→ ASSIGNMENT: Retype the data that follows exactly. No pictures belong in the copy.

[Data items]
*** Begin section ***

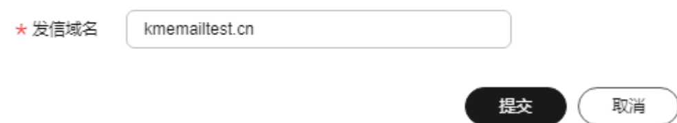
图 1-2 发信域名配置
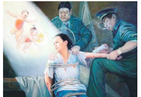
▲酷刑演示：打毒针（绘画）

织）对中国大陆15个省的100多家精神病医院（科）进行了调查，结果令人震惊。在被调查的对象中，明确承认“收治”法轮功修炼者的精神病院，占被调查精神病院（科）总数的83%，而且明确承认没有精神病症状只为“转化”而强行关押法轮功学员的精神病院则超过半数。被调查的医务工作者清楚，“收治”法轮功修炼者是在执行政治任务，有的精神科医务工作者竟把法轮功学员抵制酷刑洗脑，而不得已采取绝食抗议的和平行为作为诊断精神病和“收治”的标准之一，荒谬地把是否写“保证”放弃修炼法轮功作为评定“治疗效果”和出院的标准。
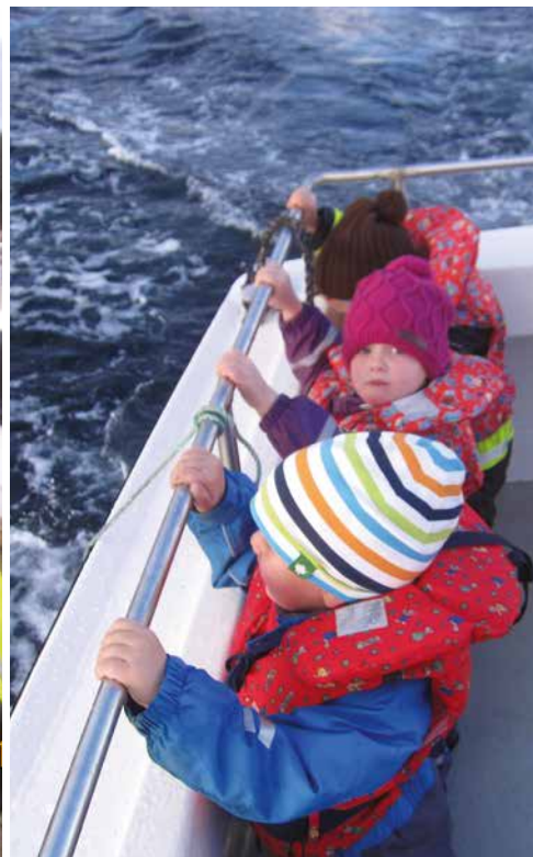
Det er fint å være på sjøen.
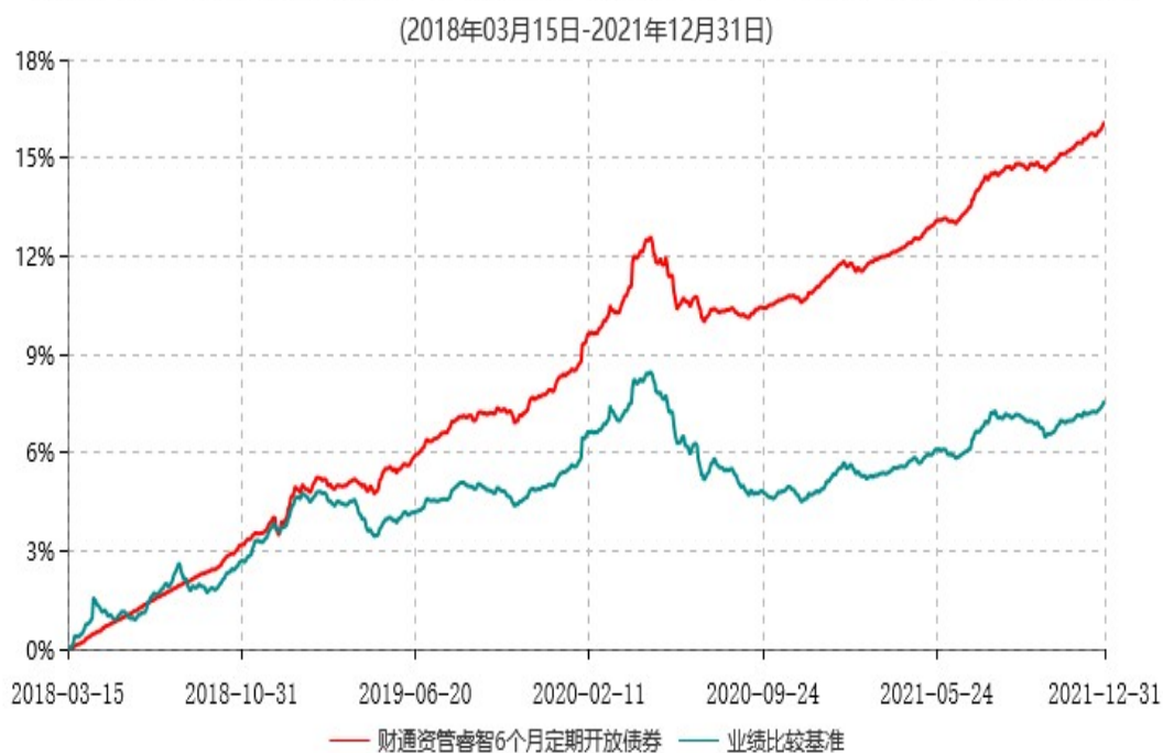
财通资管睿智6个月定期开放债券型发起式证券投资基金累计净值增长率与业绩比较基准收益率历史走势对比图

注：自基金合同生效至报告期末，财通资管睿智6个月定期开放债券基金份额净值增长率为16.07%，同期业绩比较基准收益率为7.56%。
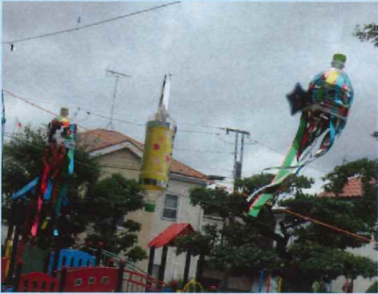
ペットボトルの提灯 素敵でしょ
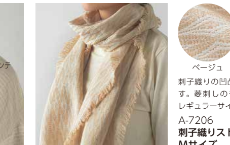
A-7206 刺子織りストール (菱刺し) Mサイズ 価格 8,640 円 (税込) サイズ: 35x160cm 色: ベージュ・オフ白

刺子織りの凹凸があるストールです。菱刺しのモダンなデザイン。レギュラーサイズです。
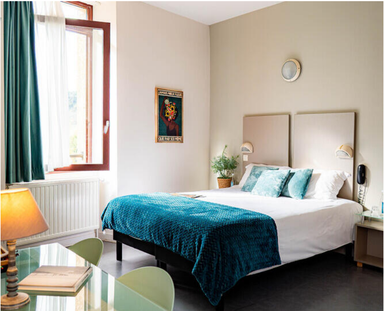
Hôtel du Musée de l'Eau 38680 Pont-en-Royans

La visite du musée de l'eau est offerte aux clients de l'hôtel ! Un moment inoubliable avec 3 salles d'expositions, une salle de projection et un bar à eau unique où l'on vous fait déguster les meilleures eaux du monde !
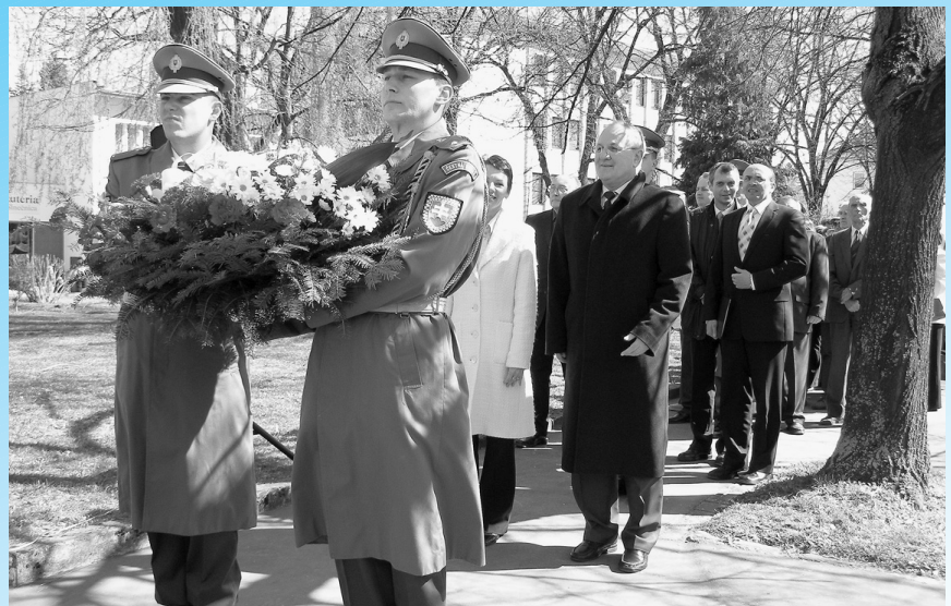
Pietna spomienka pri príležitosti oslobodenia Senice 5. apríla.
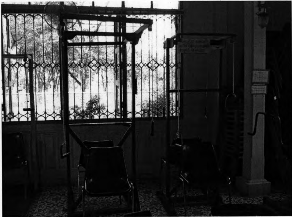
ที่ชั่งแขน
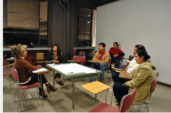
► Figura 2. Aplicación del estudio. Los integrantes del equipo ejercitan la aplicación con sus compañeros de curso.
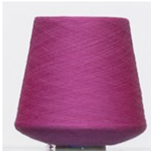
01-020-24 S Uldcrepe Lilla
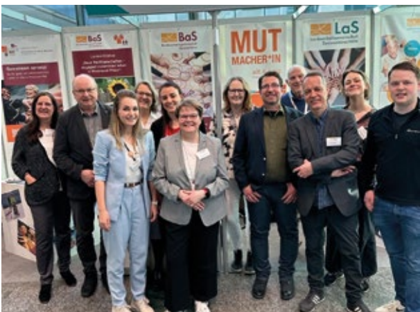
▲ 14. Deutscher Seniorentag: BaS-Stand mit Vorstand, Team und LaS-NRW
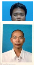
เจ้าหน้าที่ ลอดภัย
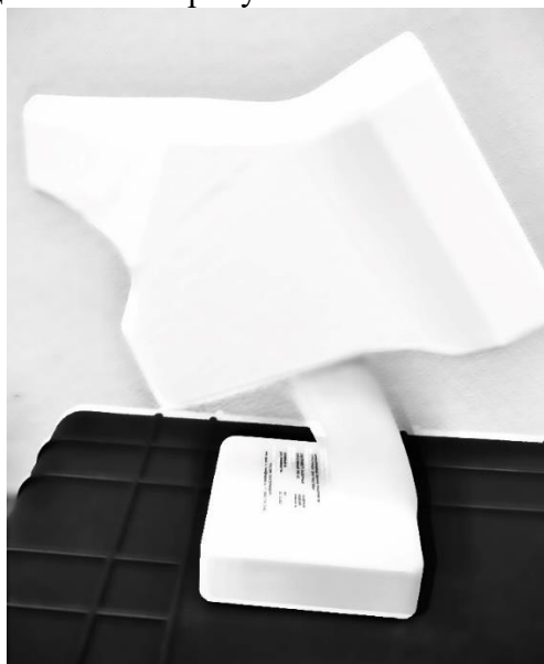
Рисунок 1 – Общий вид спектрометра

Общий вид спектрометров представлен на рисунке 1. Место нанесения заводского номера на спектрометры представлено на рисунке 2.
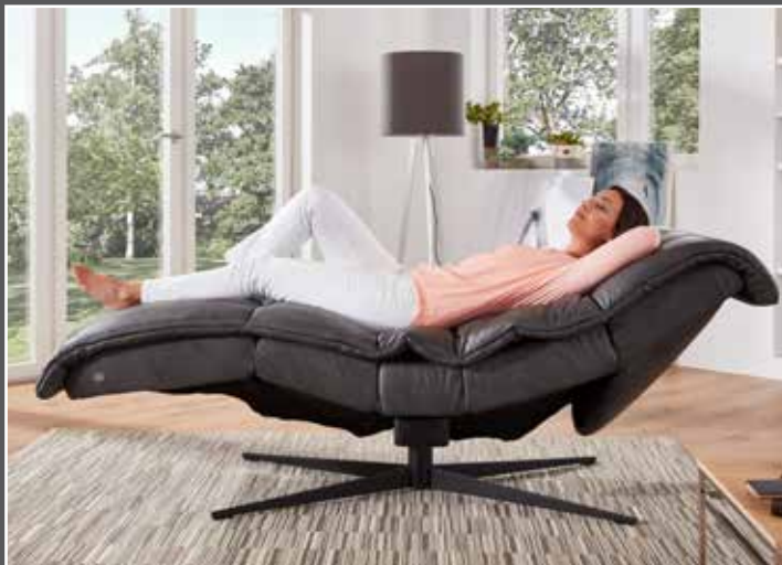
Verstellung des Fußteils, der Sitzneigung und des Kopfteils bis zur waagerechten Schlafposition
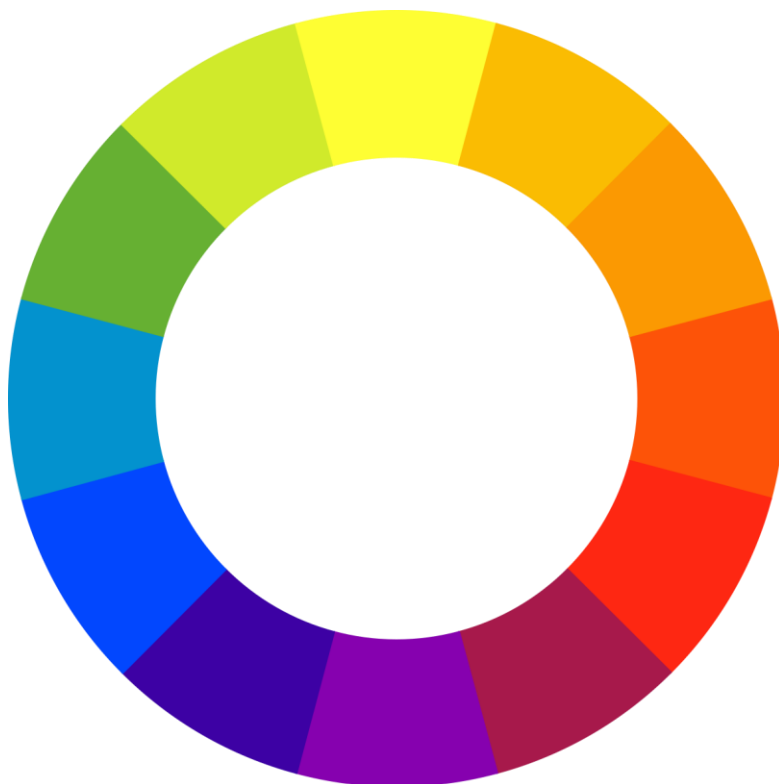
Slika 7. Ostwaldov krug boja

*** End section ***

→ RESULT FOR THIS EXERCISE:
图 1-2 发信域名配置
▲酷刑演示：打毒针（绘画）

织）对中国大陆15个省的100多家精神病医院（科）进行了调查，结果令人震惊。在被调查的对象中，明确承认“收治”法轮功修炼者的精神病院，占被调查精神病院（科）总数的83%，而且明确承认没有精神病症状只为“转化”而强行关押法轮功学员的精神病院则超过半数。被调查的医务工作者清楚，“收治”法轮功修炼者是在执行政治任务，有的精神科医务工作者竟把法轮功学员抵制酷刑洗脑，而不得已采取绝食抗议的和平行为作为诊断精神病和“收治”的标准之一，荒谬地把是否写“保证”放弃修炼法轮功作为评定“治疗效果”和出院的标准。
Det er fint å være på sjøen.
财通资管睿智6个月定期开放债券型发起式证券投资基金累计净值增长率与业绩比较基准收益率历史走势对比图

注：自基金合同生效至报告期末，财通资管睿智6个月定期开放债券基金份额净值增长率为16.07%，同期业绩比较基准收益率为7.56%。
ペットボトルの提灯 素敵でしょ
A-7206 刺子織りストール (菱刺し) Mサイズ 価格 8,640 円 (税込) サイズ: 35x160cm 色: ベージュ・オフ白

刺子織りの凹凸があるストールです。菱刺しのモダンなデザイン。レギュラーサイズです。
Hôtel du Musée de l'Eau 38680 Pont-en-Royans

La visite du musée de l'eau est offerte aux clients de l'hôtel ! Un moment inoubliable avec 3 salles d'expositions, une salle de projection et un bar à eau unique où l'on vous fait déguster les meilleures eaux du monde !
Pietna spomienka pri príležitosti oslobodenia Senice 5. apríla.
ที่ชั่งแขน
► Figura 2. Aplicación del estudio. Los integrantes del equipo ejercitan la aplicación con sus compañeros de curso.
01-020-24 S Uldcrepe Lilla
▲ 14. Deutscher Seniorentag: BaS-Stand mit Vorstand, Team und LaS-NRW
เจ้าหน้าที่ ลอดภัย
Рисунок 1 – Общий вид спектрометра

Общий вид спектрометров представлен на рисунке 1. Место нанесения заводского номера на спектрометры представлено на рисунке 2.
Verstellung des Fußteils, der Sitzneigung und des Kopfteils bis zur waagerechten Schlafposition
Slika 7. Ostwaldov krug boja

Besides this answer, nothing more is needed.